Прикинув в уме, что такое «сокровенное» можно поведать Петру, я мысленно улыбнулся.

– Возьмем, к примеру, орудийные снаряды.

– А что в них такого, чтоб на них глядеть? Граната, ядро и картечь, вот и все, – хмыкнул Петр.

– Так-то оно так, но вот взять гранату и поставить ее рядом с ядром – для сравнения. Ведь ядро и летит дальше, и бьет точнее, хотя и не так хорошо, как граната. Разве не так, батюшка?

– Так.

– Да и осколки ее разлетаются на маленькой площади, из-за небольшого количества пороха внутри ядра. Но с помощью математики и баллистики можно сделать такой снаряд, который будет лететь дальше и точнее и иметь большую начинку пороха, чем ранее, – с улыбкой сказал я.

– Не верится что-то мне в это.

– Дело в том, батюшка, что надо сделать не ядро, а продолговатый снаряд, в котором все и разместить…

– Делали такой уже, ничего хорошего не получилось, – тут же потеряв интерес, расслабился Петр.

– И все же я настаиваю на том, что такой снаряд много лучше, его надо было только довести до ума, – гнул я свою линию.

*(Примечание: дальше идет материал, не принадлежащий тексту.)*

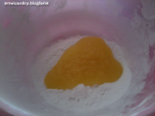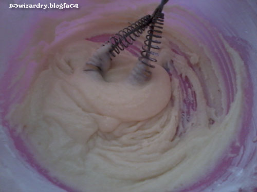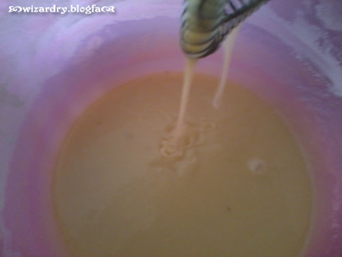 بعد 250 گرم ارد رو الك كنيد كم كم بهش اضافه كنيد و هم بزنيد.

– Нет, не верю. Разве что сам увижу оный снаряд, вот тогда и поговорим об этом…

Главное – не дать собеседнику заскучать и совсем «закостенеть», необходимо постоянно подогревать его любопытство, а уж с Петром сие вдвойне необходимо.

– А еще можно для удобства сделать мешочки под порох с единичным зарядом, дабы не тратить время на измерение нужного количества…

– А ведь точно! Так много удобнее, и скорострельность повысится! – согласился царь, возбужденно встав со своего места.

– Именно так, батюшка. Но это не все. Я хотел бы спросить тебя: на каком расстоянии картечь может поразить врага?

– Не больше сотни саженей, сын. Мало, конечно. Бывает, только по одному выстрелу пушки дать успевают, ежели на них кавалерия наскочит, – немного грустно ответил государь. – Зато сразу целые капральства из строя выбывают!

– А что, если я предложу тебе, отец, способ поражать врага картечью не на сто саженей, а на триста? – слегка прищурив глаза, спросил я Петра.

– Зело благодарен буду тебе, сын!

– Только для этого мне надо еще пару проб сделать и кое-что рассчитать, батюшка, – добавил я тут же. – Не успел к твоему приезду все, что хотел сделать…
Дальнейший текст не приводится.